Monte Carlo tree search
The Algorithm
Monte Carlo tree search is a non-deterministic algorithm that is guaranteed to converge to Minimax. This algorithm creates a tree of nodes, which look like
class Node { double wins = 0; uint count = 1; list<Node> children; }
The general algorithm repeatedly
- Start at the root
- Recursively selects already explored children in a Magic way until it reaches an unexplored child. Add a node for the unexplored child. Update the
count
field in all these nodes - Plays a sequence of random moves for both sides and returns the result back up the tree to the previously unexplored node. Do NOT create new nodes for this playthrough.
- Percolates the results up in a Magic way.

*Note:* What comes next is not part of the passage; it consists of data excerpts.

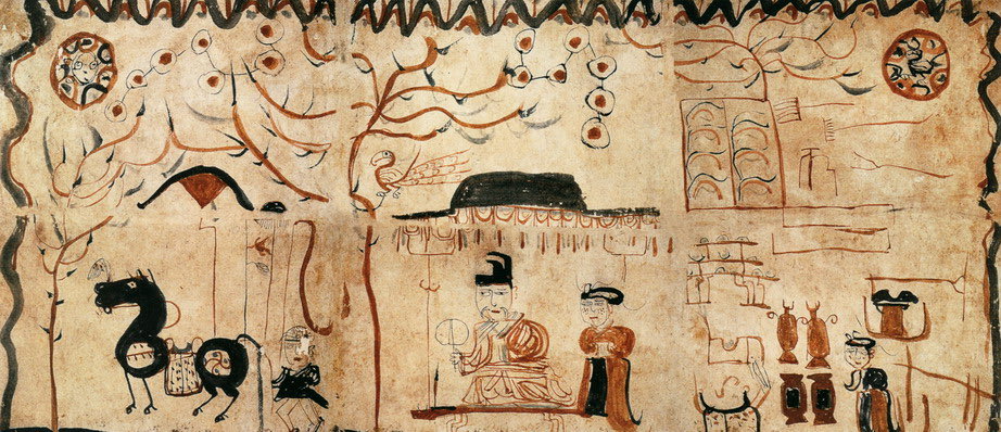 Tomb Mural unearthed from Astana Cemetery in Turpan, #Xinjiang from Gaochang Kingdom Era depicted tomb owner in Jin Dynasty era dress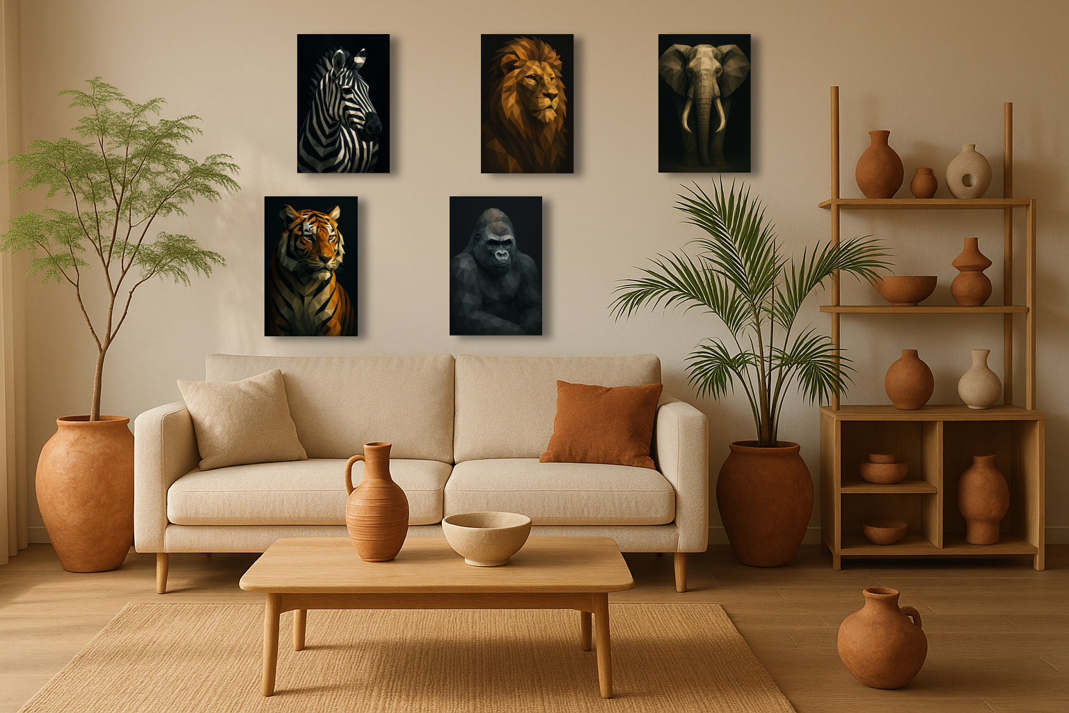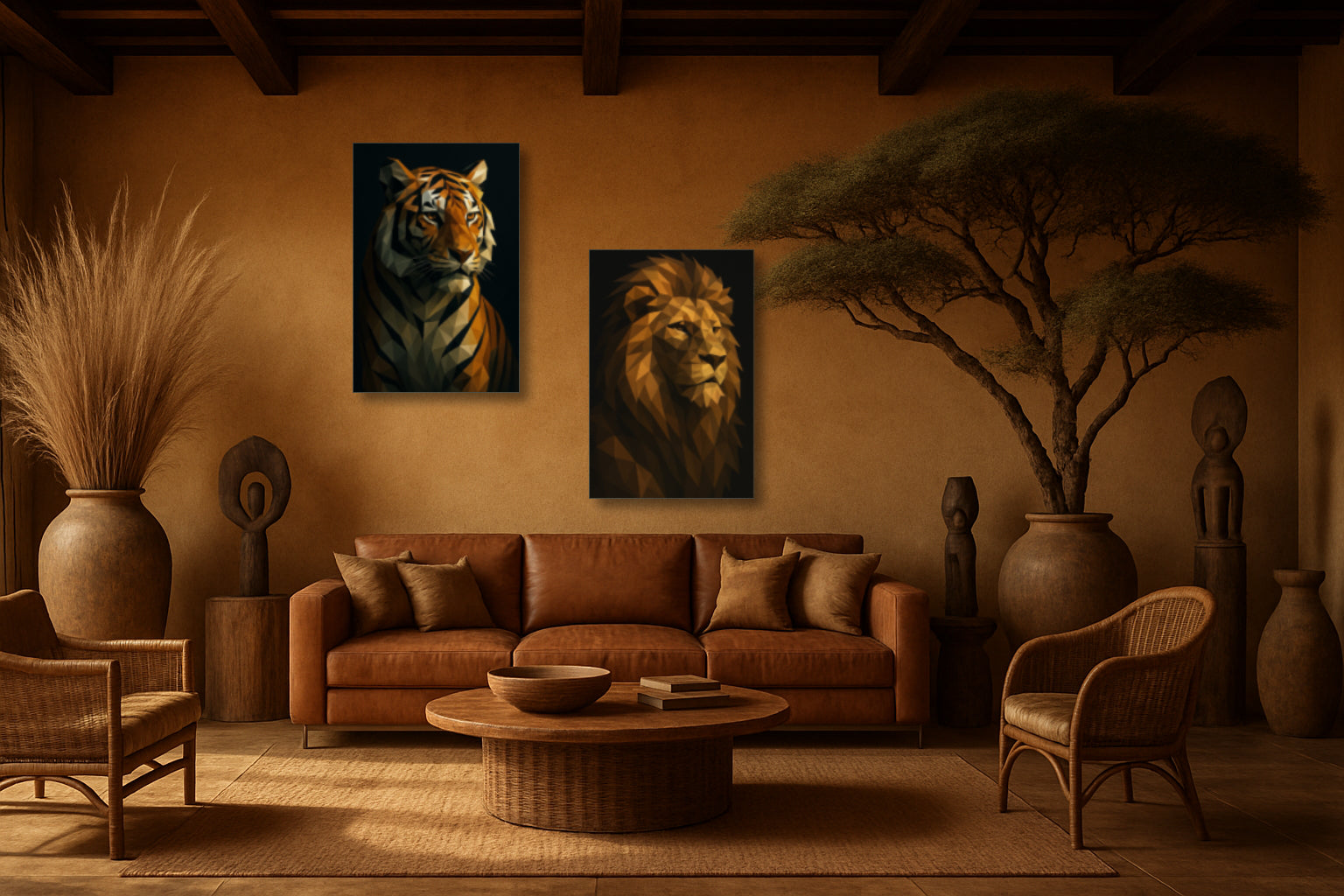 Ce tigre majestueux, sculpté en facettes anguleuses aux tons chauds d’ocre, d’orange et de beige, se dresse avec une présence calme mais puissante. Les ombres profondes et les contrastes nets accentuent la noblesse de son port, tandis que la structure géométrique lui confère une aura résolument contemporaine. Une œuvre forte, idéale pour un salon élégant, un bureau affirmé ou une entrée au caractère marqué.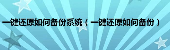 大家好,小飞来为大家解答以上问题,一键还原如何备份系统,一键还原如何备份很多人还不知道,现在让我们一起来看看吧!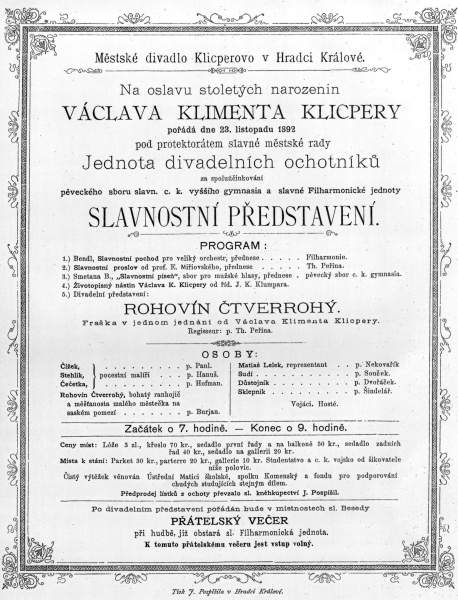 - Hradec Králové, Klicpera, Plakáty a výstřižky, 1880 - 1918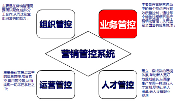 營銷業(yè)務(wù)管控分為四大體系,分別是組織管控、運營管控、人才管控、業(yè)務(wù)管控,四大體系結(jié)合起來,能夠更好的幫助企業(yè)解決營銷問題,實現(xiàn)業(yè)績目標(biāo)。營銷業(yè)務(wù)管控圖如圖5所示。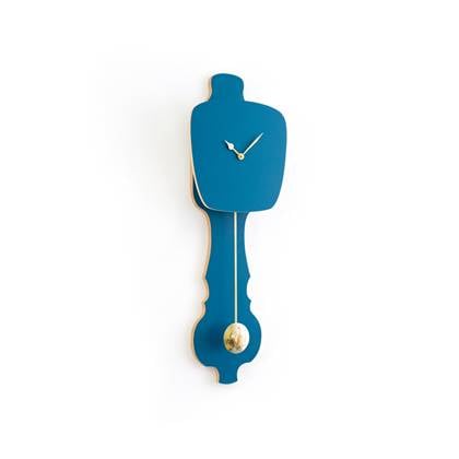 KLOQ Wandklok met slinger in petrol blauw & glimmend goud - maat S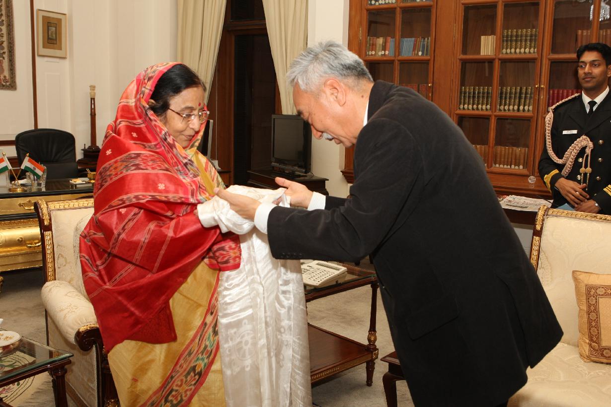 The President of India, Smt Pratibha Devisingh Patil at the Farewell calling by the Ambassador of Bhutan to India, HE Mr Dago Tshering at Rashtrapati Bhavan in New Delhi on Dec 15, 2008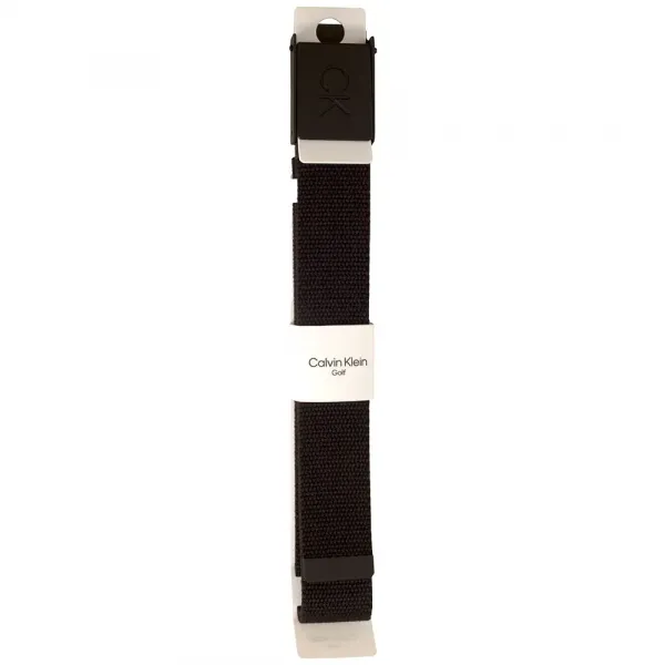 CK 버클 디테일과 무광 블랙 엠보싱 로고로 마감된 캘빈 클라인 골프 벨트.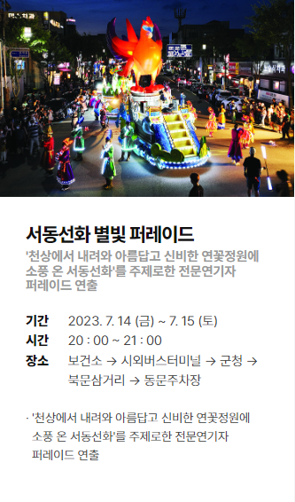 | 20:00 ~ 21:00 | 선동선화 별빛 퍼레이드 - 시가지 |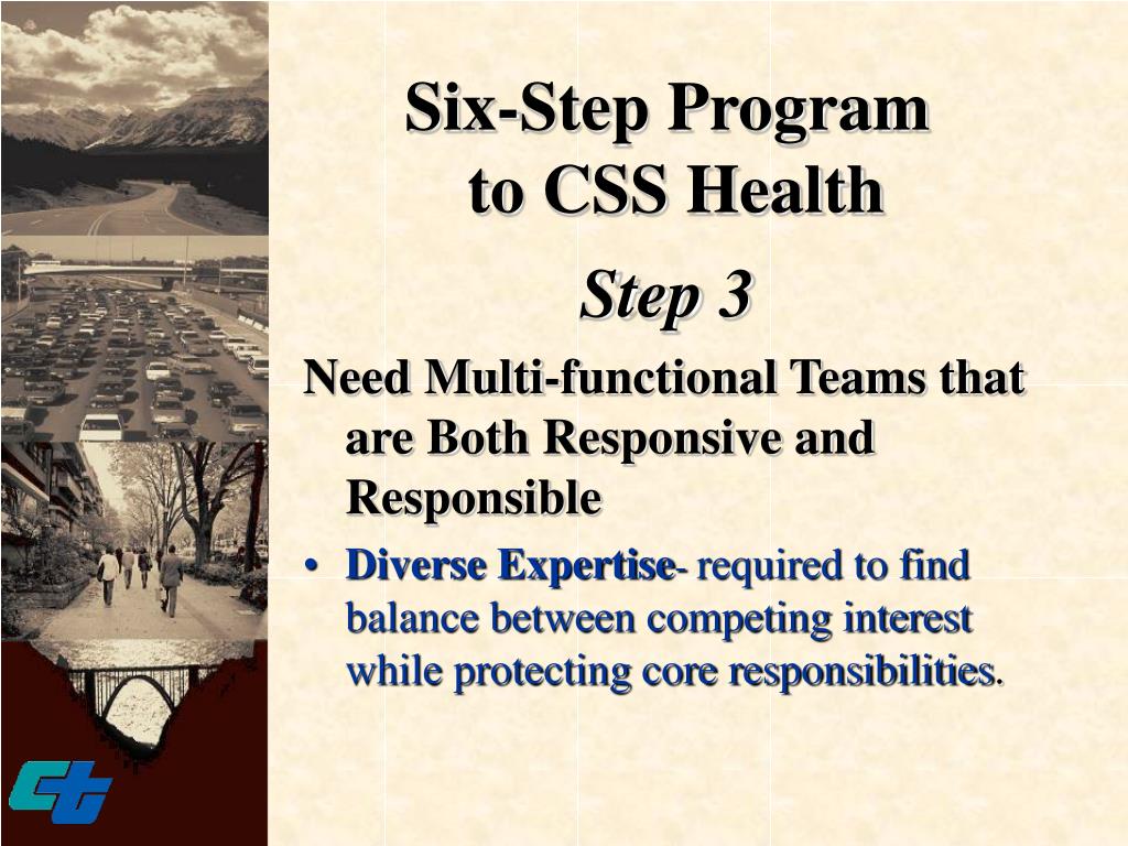 Six-Step Program to CSS Health Step 3 Need Multi-functional Teams that are Both Responsive and Responsible • Diverse Expertise- required to find balance between competing interest while protecting core responsibilities.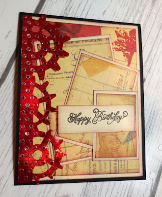 Needing a masculine birthday card, I die cut a border of gears from Ruby/Ruby Star Stuck Foiled Paper.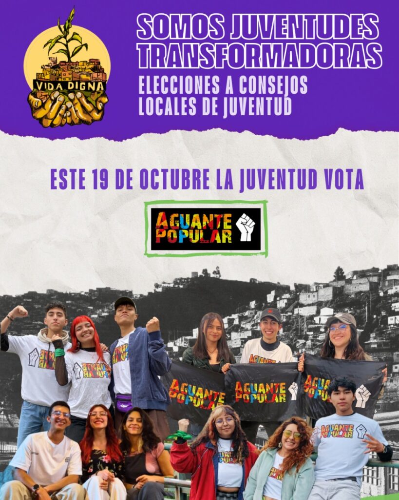 Desde la medialuna sur, y con impacto en más localidades como Ciudad Bolívar, Kennedy, San Cristóbal y Teusaquillo, el Aguante Popular como organización social lleva la voz de la juventud popular a los espacios en los que se toman decisiones para los y las jóvenes, con apuestas claves para defender la vida en todas sus formas posibles, y construir poder popular.

So, let's explain what these two pieces of Magic are. The first describes how you choose which child to go down. The procedure is
- If any of your children are unexpored, then explore them.
- Otherwise, randomly choose from your children, but make it so that the probably of choosing child $i$ is proportional to
\begin{equation}
\frac{w_i}{n_i} + c \cdot \sqrt{\frac{\ln{N}}{n_i}}
\label{foo}
\end{equation}
where
- $w_i$ is the
wins
of the child from the parent's point of view - $c$ is an empirically determined positive constant that indicates how important exploration is compared to explotation
- $N$ is the number of times the parent has been visited
- $n_i$ is the number of times the child has been visited - i.e.
count
- $w_i$ is the
- Simply pass the utility of the result (generaly 1.0 for a win, 0.5 for a tie, and 0 for a loss) back up the game until you get to the intial unexplored node.
- Simply add the result to this node's
wins
and all its ancestors.
Explanation
Equation $\ref{foo}$ is based on an idea called upper-confidence bound, which basically says that you should explore the move with the highest plausible value.
While proving this is very difficult, it is a fact that using this function to choose your child will guarantee that this Monte Carlo approach will converge to Minimax as the number of rollouts approaches infinity.
To get a feel for while this is the case, consider a node with two children, $A$ and $B$, where $A$ always leads to a win and $B$ always leads to a loss. If we assume, for simplicity, that $c=0.2$, then the weight given to $A$ after a single exploration is 1.17, while $B$ has a weight of 0.17, so we'll choose $A$ 87% of the time.
If we explore $A$ 870 times and explore $B$ 130 times, these weights change to 1.02 and 0.05, meaning we'll choose $A$ 95% of the time. As we explore $A$ more and more (compared to $B$), the parent (which is essentially a weighted sum of its children) converges to $A$'s value.